- **DATA SHOWN**:
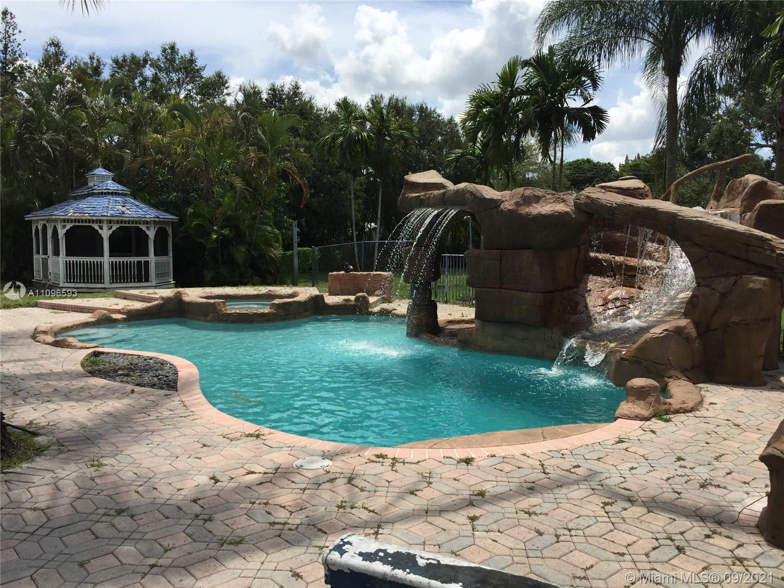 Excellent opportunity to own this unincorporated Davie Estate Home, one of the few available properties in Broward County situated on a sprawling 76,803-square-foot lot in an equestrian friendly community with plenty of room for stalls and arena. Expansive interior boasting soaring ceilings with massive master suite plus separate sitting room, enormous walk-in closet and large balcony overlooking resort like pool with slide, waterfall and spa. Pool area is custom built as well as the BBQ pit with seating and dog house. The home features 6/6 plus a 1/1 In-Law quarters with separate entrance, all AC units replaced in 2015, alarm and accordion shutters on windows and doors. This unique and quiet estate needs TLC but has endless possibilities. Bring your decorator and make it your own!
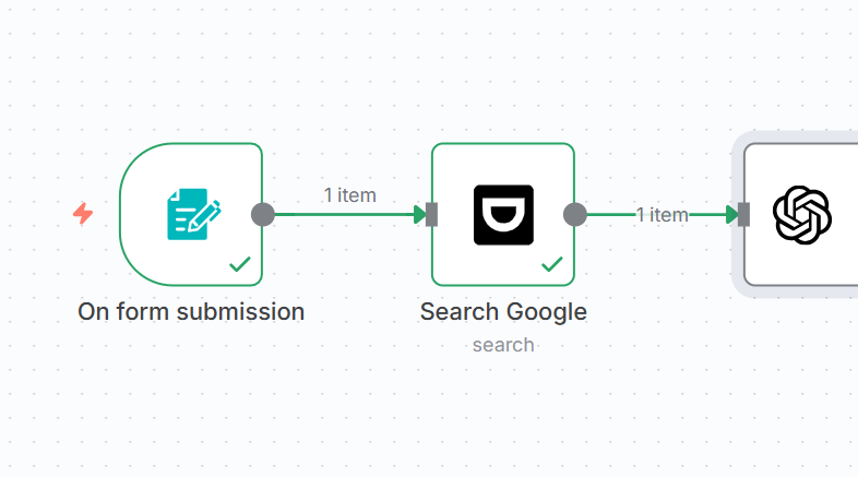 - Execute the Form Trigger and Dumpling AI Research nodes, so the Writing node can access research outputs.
* * *
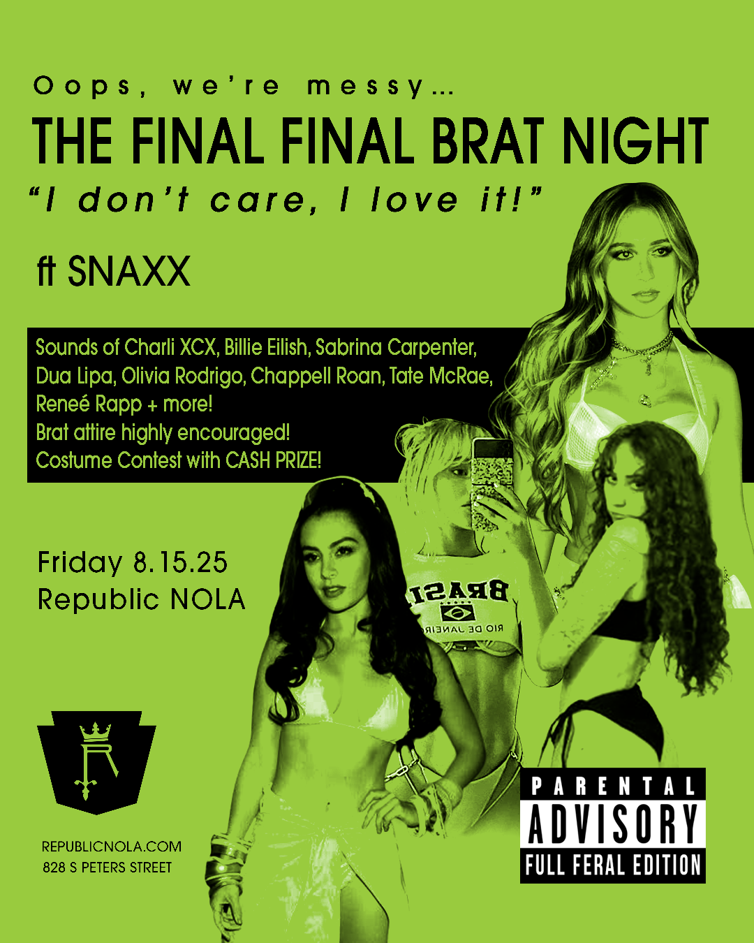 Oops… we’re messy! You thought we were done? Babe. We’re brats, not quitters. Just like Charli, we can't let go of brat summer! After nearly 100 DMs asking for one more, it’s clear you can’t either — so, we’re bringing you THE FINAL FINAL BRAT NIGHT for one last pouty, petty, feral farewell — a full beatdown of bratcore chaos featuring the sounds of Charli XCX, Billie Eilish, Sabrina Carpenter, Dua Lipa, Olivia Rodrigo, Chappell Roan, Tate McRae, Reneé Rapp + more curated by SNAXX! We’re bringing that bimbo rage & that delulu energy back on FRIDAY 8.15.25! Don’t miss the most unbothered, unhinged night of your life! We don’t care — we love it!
---
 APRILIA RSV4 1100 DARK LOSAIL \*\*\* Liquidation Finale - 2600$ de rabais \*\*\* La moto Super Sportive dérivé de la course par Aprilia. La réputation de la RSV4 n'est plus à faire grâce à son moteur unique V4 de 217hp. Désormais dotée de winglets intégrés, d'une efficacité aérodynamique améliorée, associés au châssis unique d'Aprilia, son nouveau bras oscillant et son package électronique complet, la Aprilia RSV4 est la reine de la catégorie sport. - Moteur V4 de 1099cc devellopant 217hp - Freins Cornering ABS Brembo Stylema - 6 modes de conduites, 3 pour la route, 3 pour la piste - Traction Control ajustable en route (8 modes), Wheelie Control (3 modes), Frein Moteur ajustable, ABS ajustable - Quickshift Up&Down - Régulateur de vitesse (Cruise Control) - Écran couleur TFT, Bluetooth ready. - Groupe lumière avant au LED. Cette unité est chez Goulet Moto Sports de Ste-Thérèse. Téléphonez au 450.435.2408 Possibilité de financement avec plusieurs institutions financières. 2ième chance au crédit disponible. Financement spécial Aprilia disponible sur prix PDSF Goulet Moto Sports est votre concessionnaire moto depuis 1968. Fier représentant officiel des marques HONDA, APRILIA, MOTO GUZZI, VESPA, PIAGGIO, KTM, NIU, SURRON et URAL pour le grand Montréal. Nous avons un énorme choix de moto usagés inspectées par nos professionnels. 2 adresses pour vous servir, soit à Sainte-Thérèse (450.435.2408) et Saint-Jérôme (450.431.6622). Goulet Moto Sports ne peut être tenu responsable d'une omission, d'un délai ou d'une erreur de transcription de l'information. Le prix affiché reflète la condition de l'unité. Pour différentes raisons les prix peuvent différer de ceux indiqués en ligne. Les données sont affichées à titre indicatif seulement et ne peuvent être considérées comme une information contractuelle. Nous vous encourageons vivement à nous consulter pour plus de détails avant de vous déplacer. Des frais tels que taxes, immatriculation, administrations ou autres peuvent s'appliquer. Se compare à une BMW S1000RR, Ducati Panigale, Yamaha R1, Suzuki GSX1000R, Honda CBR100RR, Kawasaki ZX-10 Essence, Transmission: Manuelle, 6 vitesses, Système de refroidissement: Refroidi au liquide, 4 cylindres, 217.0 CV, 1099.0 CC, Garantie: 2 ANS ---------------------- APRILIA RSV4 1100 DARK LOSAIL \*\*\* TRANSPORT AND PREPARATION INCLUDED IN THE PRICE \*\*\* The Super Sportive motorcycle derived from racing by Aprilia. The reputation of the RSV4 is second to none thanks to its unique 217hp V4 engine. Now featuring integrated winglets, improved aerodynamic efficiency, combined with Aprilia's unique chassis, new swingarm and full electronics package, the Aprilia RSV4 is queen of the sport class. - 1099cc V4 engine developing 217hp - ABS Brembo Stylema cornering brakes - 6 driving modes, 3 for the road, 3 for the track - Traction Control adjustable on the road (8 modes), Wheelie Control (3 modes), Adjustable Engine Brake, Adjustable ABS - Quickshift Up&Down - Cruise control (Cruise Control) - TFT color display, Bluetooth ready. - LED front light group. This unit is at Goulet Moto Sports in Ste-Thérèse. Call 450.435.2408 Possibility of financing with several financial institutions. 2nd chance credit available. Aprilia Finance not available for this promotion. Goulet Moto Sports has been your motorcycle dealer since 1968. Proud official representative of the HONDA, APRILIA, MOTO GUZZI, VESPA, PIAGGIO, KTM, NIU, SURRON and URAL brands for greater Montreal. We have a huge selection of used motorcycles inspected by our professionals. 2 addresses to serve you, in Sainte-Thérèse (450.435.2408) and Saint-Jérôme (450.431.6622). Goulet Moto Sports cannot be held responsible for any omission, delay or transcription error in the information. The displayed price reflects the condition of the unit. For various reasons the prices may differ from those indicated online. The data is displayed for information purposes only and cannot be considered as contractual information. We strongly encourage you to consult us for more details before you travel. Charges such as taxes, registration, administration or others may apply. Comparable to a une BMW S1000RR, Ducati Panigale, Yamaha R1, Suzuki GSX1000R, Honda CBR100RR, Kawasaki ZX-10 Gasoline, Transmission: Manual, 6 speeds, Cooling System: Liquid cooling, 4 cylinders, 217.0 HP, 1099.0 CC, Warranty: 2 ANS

- **PROBLEM DETAILS**: Go to the line above that contains "Excellent opportunity to" and reproduce everything exactly from there through the line that contains "- Execute the", leaving out the pictures.

- **ANSWER TO THE PROBLEM**:
 Excellent opportunity to own this unincorporated Davie Estate Home, one of the few available properties in Broward County situated on a sprawling 76,803-square-foot lot in an equestrian friendly community with plenty of room for stalls and arena. Expansive interior boasting soaring ceilings with massive master suite plus separate sitting room, enormous walk-in closet and large balcony overlooking resort like pool with slide, waterfall and spa. Pool area is custom built as well as the BBQ pit with seating and dog house. The home features 6/6 plus a 1/1 In-Law quarters with separate entrance, all AC units replaced in 2015, alarm and accordion shutters on windows and doors. This unique and quiet estate needs TLC but has endless possibilities. Bring your decorator and make it your own!
 - Execute the Form Trigger and Dumpling AI Research nodes, so the Writing node can access research outputs.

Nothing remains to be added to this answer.